Then listen and look at what is going on in Galilee. What a contrast. No hiddenness there. The people are given such a a view of the unveiled work of the Holy Spirit in the ministry of Jesus of Nazareth, teaching, convicting, illuminating, saving and transforming sinners. The glorious person of God the Holy Spirit is not at all hidden. When a man blind from birth actually sees – how mighty is the work of the Holy Spirit. When many people are delivered from demons – how powerful is the activity of the Spirit! When every kind of illness in every kind of personality is healed – the Spirit is really at work in the land! When tens of thousands come from all over to see and hear Jesus Christ then how mighty is the work of the Spirit! The Spirit was not at all incognito. He had been poured out abundantly on Galilee, and yet . . . these teachers of the law came from Jerusalem, experienced the power and presence of the Spirit in these ways, and they jumped to the conclusion, “By the prince of demons this is being done. Beelzebub is at work.” Jesus could not be the Messiah. They were blaspheming the work of the Spirit of God.
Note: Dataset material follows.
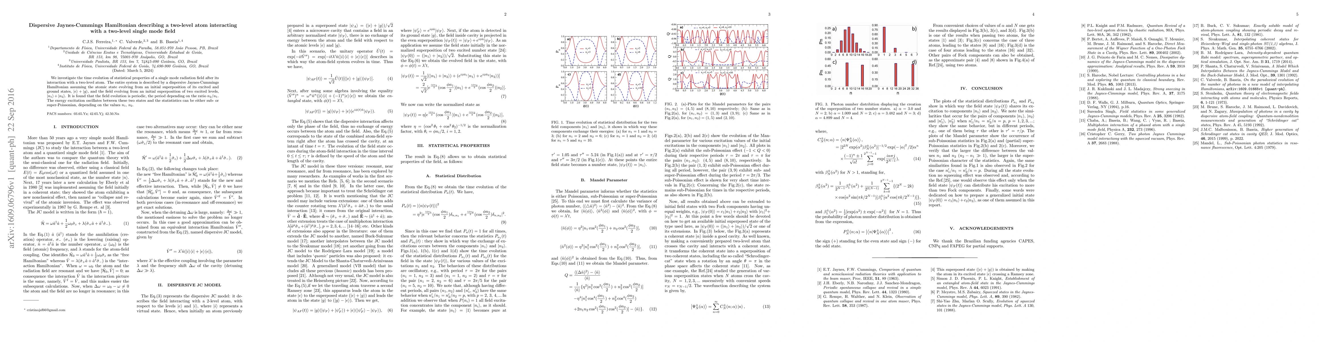 This paper studies the time evolution of a two-level atom interacting with a single mode field using a dispersive Jaynes-Cummings Hamiltonian. The field's statistical properties exhibit periodic evolution, with the period dependent on the ratio of initial photon states, leading to either sub- or super-Poissonian statistics.

So the unforgivable sin is not some general antagonism towards Jesus; it is not the fact that many in Israel heard him and rejected him – “he came unto his own and his own received him not” throughout his ministry. The unforgivable sin during the life of Jesus of Nazareth was to experience the power and presence of God the Spirit and give the rationale for those mighty works to the power of Beelzebub. For such an attitude to the Spirit there could be no forgiveness. But during that same time some men could argue that Christ was an evil blasphemer, and sentence him to death, nail him to a cross, stand in front of him as he hung there, mocking and taunting him, and yet God didn’t say to them, “Right! The unforgivable sin! No forgiveness for you!” At Pentecost those very people experienced the love of God. They were called to repentance and 3000 were converted.
Now, if you have come with me so far . . . I have explained to you that during Jesus’ ministry, before his cross and resurrection, the unforgivable sin could have been committed by someone like you and me if we had lived in Galilee and we displayed this locked in and defiant attitude to Jesus. We attributed to the devil the mighty works of the Spirit of God that we had been actually experiencing in the life of the Lord Jesus. That would have been the definition of the unforgivable sin during the years of humiliation of the Son of God.
ii] The Unforgivable Sin Since the Resurrection of Christ.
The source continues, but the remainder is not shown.